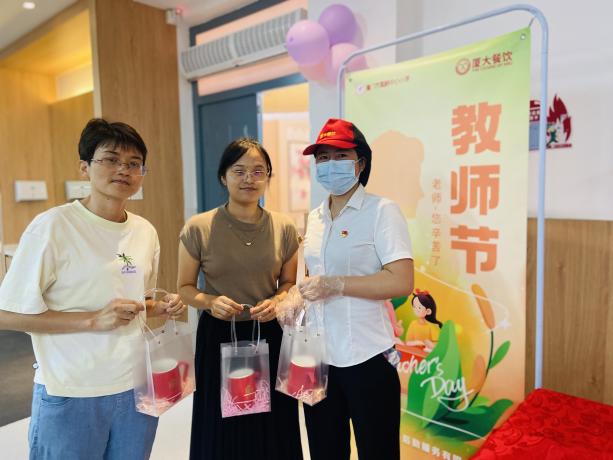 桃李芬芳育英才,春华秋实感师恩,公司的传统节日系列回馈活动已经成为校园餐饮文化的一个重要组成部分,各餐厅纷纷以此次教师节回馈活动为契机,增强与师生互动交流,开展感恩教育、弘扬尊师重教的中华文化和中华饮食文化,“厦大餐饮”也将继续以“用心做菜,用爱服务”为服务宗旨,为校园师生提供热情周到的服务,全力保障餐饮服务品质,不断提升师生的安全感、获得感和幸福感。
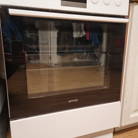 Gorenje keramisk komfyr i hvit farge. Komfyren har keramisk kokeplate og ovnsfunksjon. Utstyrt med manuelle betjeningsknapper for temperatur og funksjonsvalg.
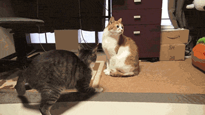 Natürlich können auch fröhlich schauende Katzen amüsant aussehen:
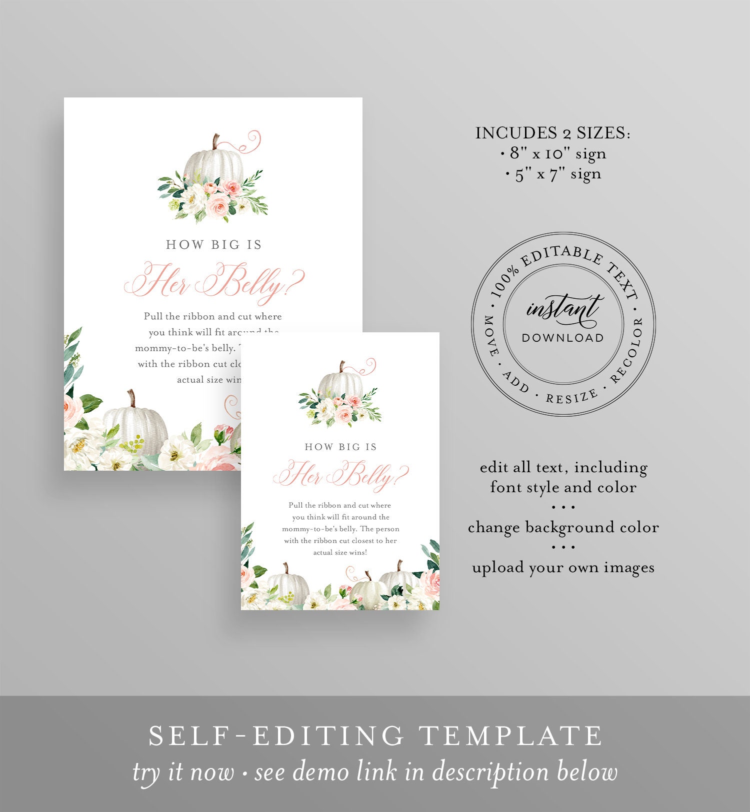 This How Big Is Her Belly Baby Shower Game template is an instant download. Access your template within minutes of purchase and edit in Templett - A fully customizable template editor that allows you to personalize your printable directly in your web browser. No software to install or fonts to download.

* **WHAT IS EXPECTED**
Where a picture appears in the material above, skip it, and print the rest exactly.

* **YOUR RESPONSE**
 桃李芬芳育英才,春华秋实感师恩,公司的传统节日系列回馈活动已经成为校园餐饮文化的一个重要组成部分,各餐厅纷纷以此次教师节回馈活动为契机,增强与师生互动交流,开展感恩教育、弘扬尊师重教的中华文化和中华饮食文化,“厦大餐饮”也将继续以“用心做菜,用爱服务”为服务宗旨,为校园师生提供热情周到的服务,全力保障餐饮服务品质,不断提升师生的安全感、获得感和幸福感。
 Gorenje keramisk komfyr i hvit farge. Komfyren har keramisk kokeplate og ovnsfunksjon. Utstyrt med manuelle betjeningsknapper for temperatur og funksjonsvalg.
 Natürlich können auch fröhlich schauende Katzen amüsant aussehen:
 This How Big Is Her Belly Baby Shower Game template is an instant download. Access your template within minutes of purchase and edit in Templett - A fully customizable template editor that allows you to personalize your printable directly in your web browser. No software to install or fonts to download.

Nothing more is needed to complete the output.